Moreover, the needs and requirements of customers have changed. “Our customers want to know about product-related matters and such in real time from our systems and, for example, perform order-related checks directly between the systems”, Niskanen says. Companies on the consumer side run into similar needs – information has to flow between various systems and, for example, mobile applications.
Research firm Gartner has warned that if we try to continue as before, costs could rise uncontrollably. Even more serious is the fact that companies are lagging behind in the digital transformation, as building a digital future is simply not possible with the traditional solutions.
“The changes result in requirements that the old methods simply cannot meet. A new way of thinking is needed”, Niskanen says.
SSAB shows the way for a modern approach
“SSAB’s new approach is exactly what the Nordic countries are moving towards”, Hakola says.
We are moving into the modern world with the help of new types of integration solutions. They facilitate and accelerate system and application integrations so much that our whole approach to them can be altered. Integrations may no longer require dedicated experts, with application development teams instead doing the integrations themselves.
The shift has already gained momentum at SSAB. “The first application development teams have started using a new integration platform. In these implementations, integration experts mainly oversaw that everything was done correctly”, Niskanen says.
In the future, SSAB’s agile core integration team will focus on training, implementation verification, maintenance of the new Dell Boomi integration platform, and the most challenging integrations. Application development teams can do most of the integrations themselves, making the work faster and more agile.
The approach to integrations is thus fundamentally changing. The modern model involves a new kind of architecture, a contemporary integration platform, and a modern management model. They all make work considerably faster and more efficient. Niskanen says that in the past, connecting a customer’s system to SSAB’s system could take practically half a year, for example. In the future, this can be done in a fraction of the previous time and workload.
Mikko Hakola, director of iPaaS and Open Source, Digia & Jani Niskanen, Head of Integration Architecture, SSAB
Modern hybrid solutions meet the requirements of the AI era
The most modern of the new integration platforms are so-called Hybrid Integration Platforms (HIP). They work agilely with both cloud services and companies’ intranet systems. Hakola says that thanks to hybrid integration platforms, companies do not need to circulate data through the cloud, which is a significant advantage. It is also important for artificial intelligence, as the best tools are in the cloud, but huge amounts of data tend to be located in companies’ own systems, from which it is difficult to move them to the cloud.

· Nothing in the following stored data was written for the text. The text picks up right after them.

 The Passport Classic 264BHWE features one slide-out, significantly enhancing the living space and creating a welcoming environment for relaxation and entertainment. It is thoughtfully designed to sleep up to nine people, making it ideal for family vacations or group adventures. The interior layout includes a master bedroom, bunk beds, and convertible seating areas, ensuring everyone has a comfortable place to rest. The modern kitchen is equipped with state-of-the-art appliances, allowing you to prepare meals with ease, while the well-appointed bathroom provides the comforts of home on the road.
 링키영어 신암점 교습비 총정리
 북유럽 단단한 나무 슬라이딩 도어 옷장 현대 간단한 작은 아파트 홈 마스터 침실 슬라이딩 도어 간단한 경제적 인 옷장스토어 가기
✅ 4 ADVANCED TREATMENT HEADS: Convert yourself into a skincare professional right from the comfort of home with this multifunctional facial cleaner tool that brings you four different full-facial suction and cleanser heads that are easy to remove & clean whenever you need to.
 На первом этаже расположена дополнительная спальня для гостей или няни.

Indeed, new hybrid integration platforms play a significant role in building digitalisation. Gartner predicts that by the end of next year, two-thirds of large companies will have introduced new hybrid integration platforms.
The new platforms meet many of the needs of today. One of them is real-time operation. “It is no longer enough for information to be transferred once a night, for example. It is usually needed immediately”, Hakola says. This requires a completely different implementation technically than before, and it is not possible to achieve real-time operation with most traditional solutions.

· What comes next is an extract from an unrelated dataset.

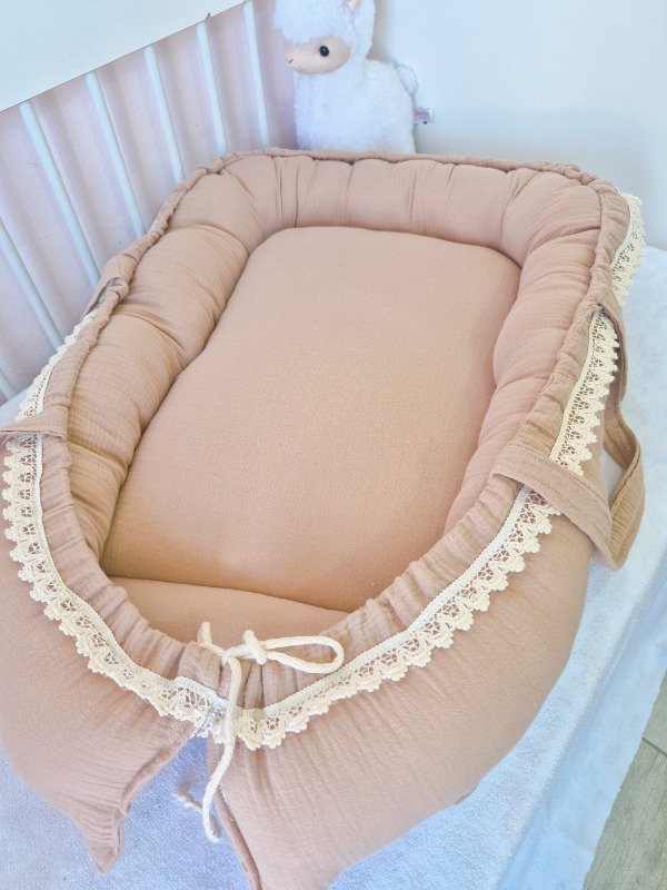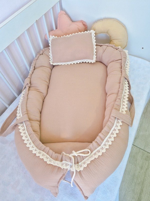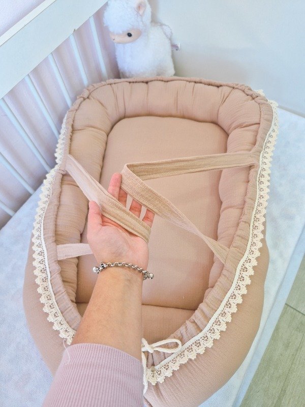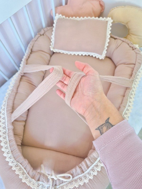 Nido con base de 70x90 (ABIERTO) con detalles de puntilla y manijas para trasladarlo fácil. Almohadita adorno🫶🏻
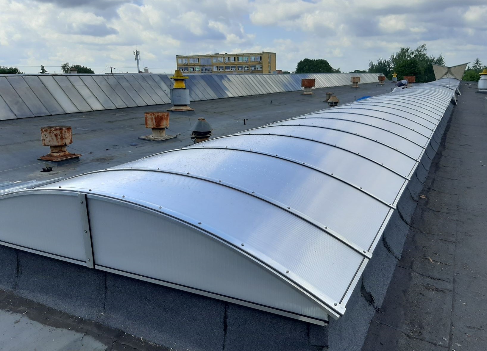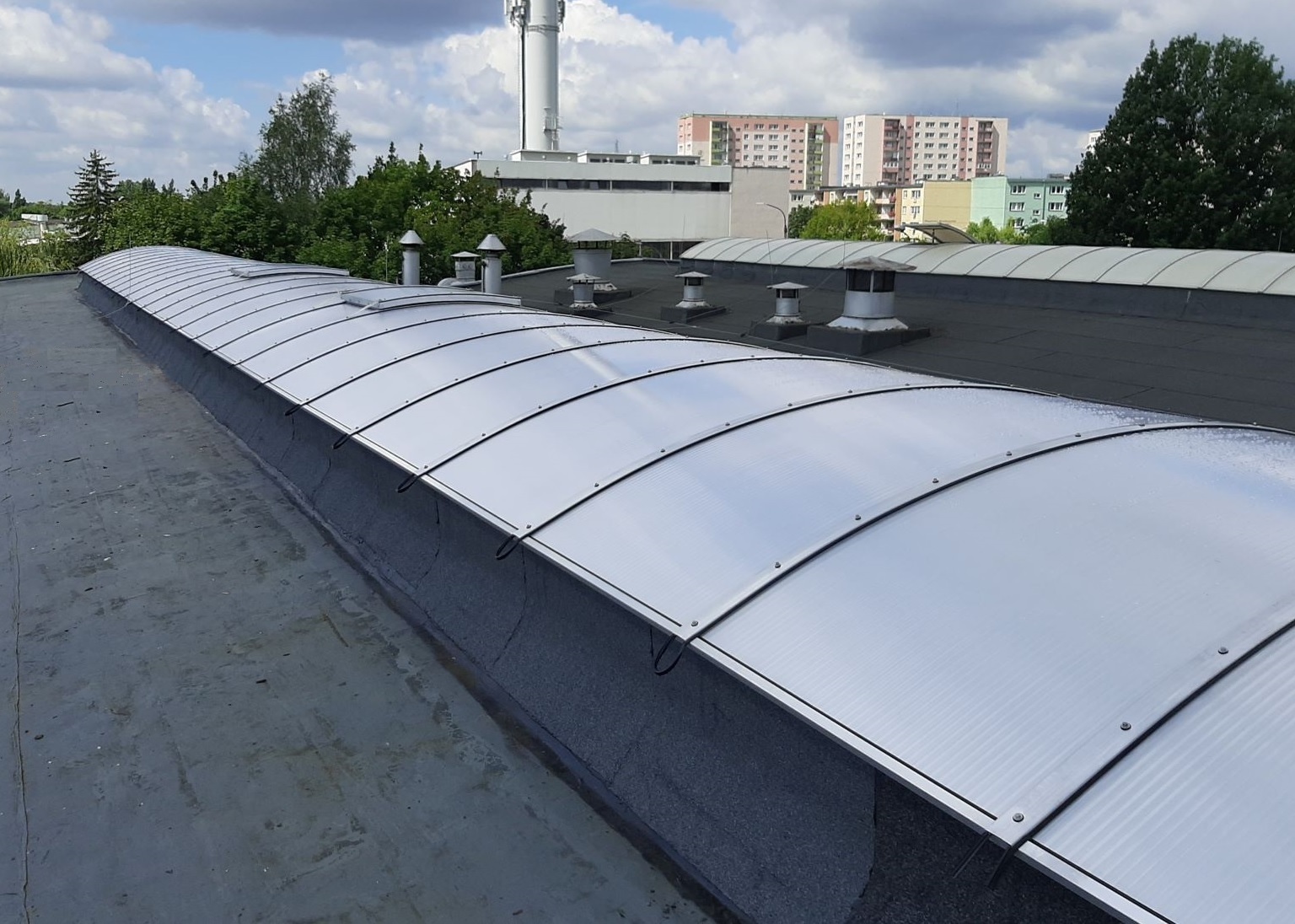 На прохання Przedsiębiorstwo Wielobranżowe OL-AN Aneta Olejniczak зі Сквєжини ми виконали заміну скляних світлових смуг на даху існуючої будівлі Щецинського трамвайного депо. Ми замінили старі смуги на світлові смуги Kera Awak з облицюванням із стільникового полікарбонату в технології NRO KERA Fire Protect, що забезпечує класифікацію Broof(t1). Окрім рівномірного освітлення інтер'єру будівлі, ми також забезпечили функцію вентиляції для користувачів будівлі, встановивши вентиляційні заслінки в стрічках разом з необхідною електропроводкою.

"Information security needs to be built-in for integrations. It cannot be added retrospectively, or it will become very expensive."
Niskanen says that SSAB will introduce, for example, an application that enhances maintenance operations and retrieves information from several different systems. In the new process, the retrieval of information must take place while an employee is performing a task – that is, they need the information immediately for the work to continue. Niskanen notes that if a company is not able to implement this kind of real-time integrations, making work more efficient through digitalisation may grind to a halt.
The new platforms also make it easier to take care of information security. Niskanen points out that high information security is essential when customers are given access to the company’s own IT systems. “Information security needs to be built-in for integrations. It cannot be added retrospectively, or it will become very expensive”, he says.
Modern integration platforms are key factors in the digital transformation. Niskanen encourages consideration of the need for reforms in good time, as usually the platform must be in order before projects can move forward. “If the project starts in early January, the integration platform should be ready by the end of December. Otherwise, the work will not go anywhere”, he summarises.